Yine de bu onun cazibesini azaltmıyor. Pastel renkli binaları ve çiçekli balkonlarıyla Arnavut kaldırımlı dar sokaklar, tasarımcı butikleri, restoranlar, kafeler ve fırınlarla dolu. Dolambaçlı kanallardan geçen kambur destekli köprülerle su her yerdedir. Pazar günü ve taze meyve ve sebze satan tezgahlarda malları sergileniyor.
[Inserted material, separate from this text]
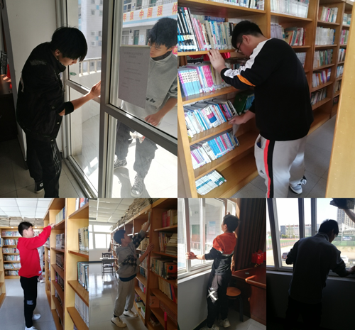 3月29日上午第二節(jié)課,同學(xué)們拿起清潔用具,來(lái)到教學(xué)樓二樓的圖書(shū)閱覽室,進(jìn)行衛(wèi)生清掃志愿者活動(dòng)。他們或擦窗,或掃地,或拂去書(shū)架上的浮塵,忙的不亦樂(lè)乎。
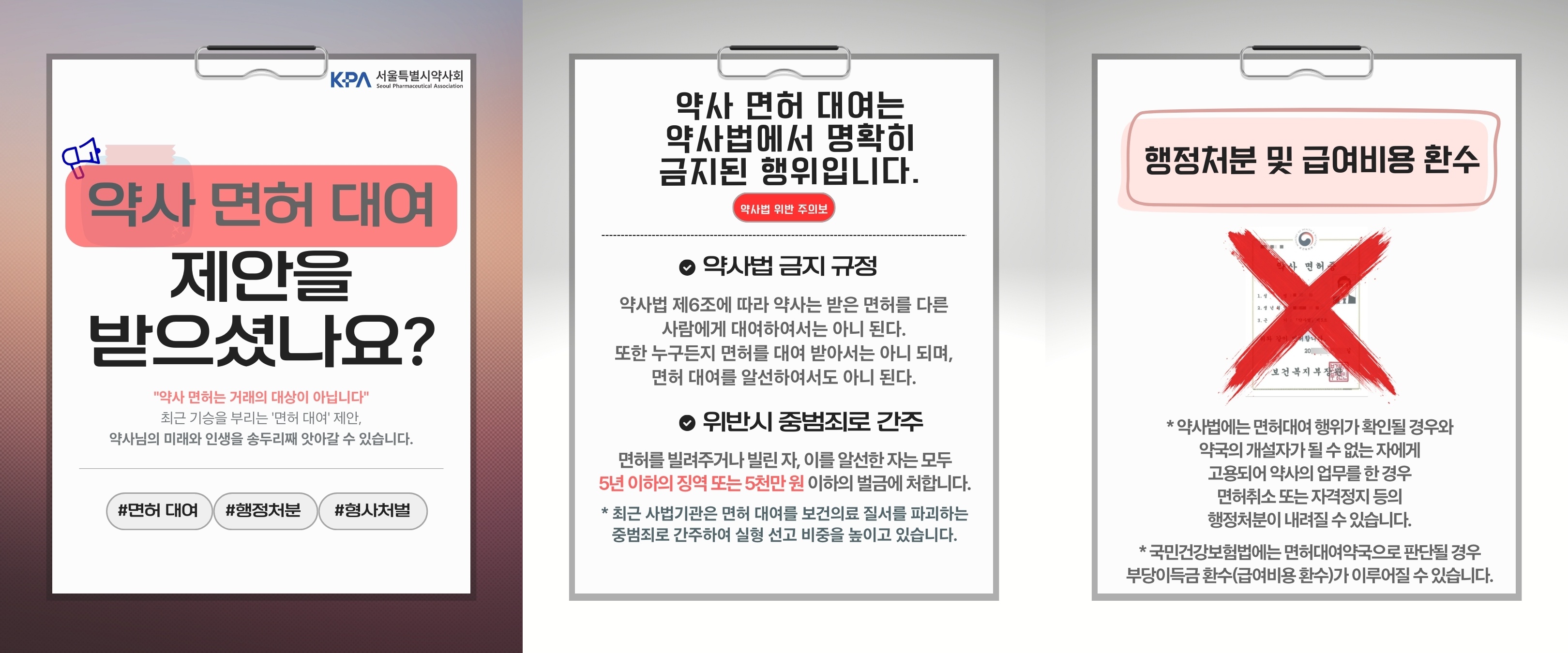 서울시약은 어떠한 금전적 조건이나 계약 형태로 포장된 제안이라도 이에 응하는 순간 약사 본인이 형사 피의자가 된다는 점을 명심해야 한다며, 면허대여 제안을 단호히 거절하고 제안 받은 즉시 서울시약사회(02-581-1001)에 제보해 줄 것을 당부했다.

Aynı zamanda çok sıcak ve parıldayan Annecy Gölü sizi çağırıyor. Plage des Marquisats’a giden teknelerin, yelken ve kürek kulüplerinin yanından geçerek göl kıyısındaki gezinti yolunu takip ediyorum. Bu, güneşlenenlerle dolu çimenli bir kıyı ile etkili bir şekilde kasaba plajı görevi görür. Önümde gölün enginliği ve arkasında yükselen Alp zirveleri var. Burası, cesur bir İngiliz için yeterince sıcak su ile yüzmek için mükemmel bir yer.

Gerçek dosya

GİTMEK: EasyJet, Londra Gatwick’ten Cenevre’ye uçar. Havaalanından Annecy’ye transfer yaklaşık bir saat sürüyor.

KALMAK: Pointe Percée – Gramusset Refuge’de 49 yatakhane bulunmaktadır.

La Ferme, La Clusaz’da iyi yerel dağ spesiyaliteleri sunan konforlu bir oteldir.

Refuge de la Servaz’da 19 yatakhane bulunmaktadır.

Annecy’deki Hotel Auberge du Lyonnais, eski şehrin hemen içindedir ve mükemmel bir restoranı vardır.

BİLGİ: Annecy Dağları bölge hakkında bilgi sahibidir.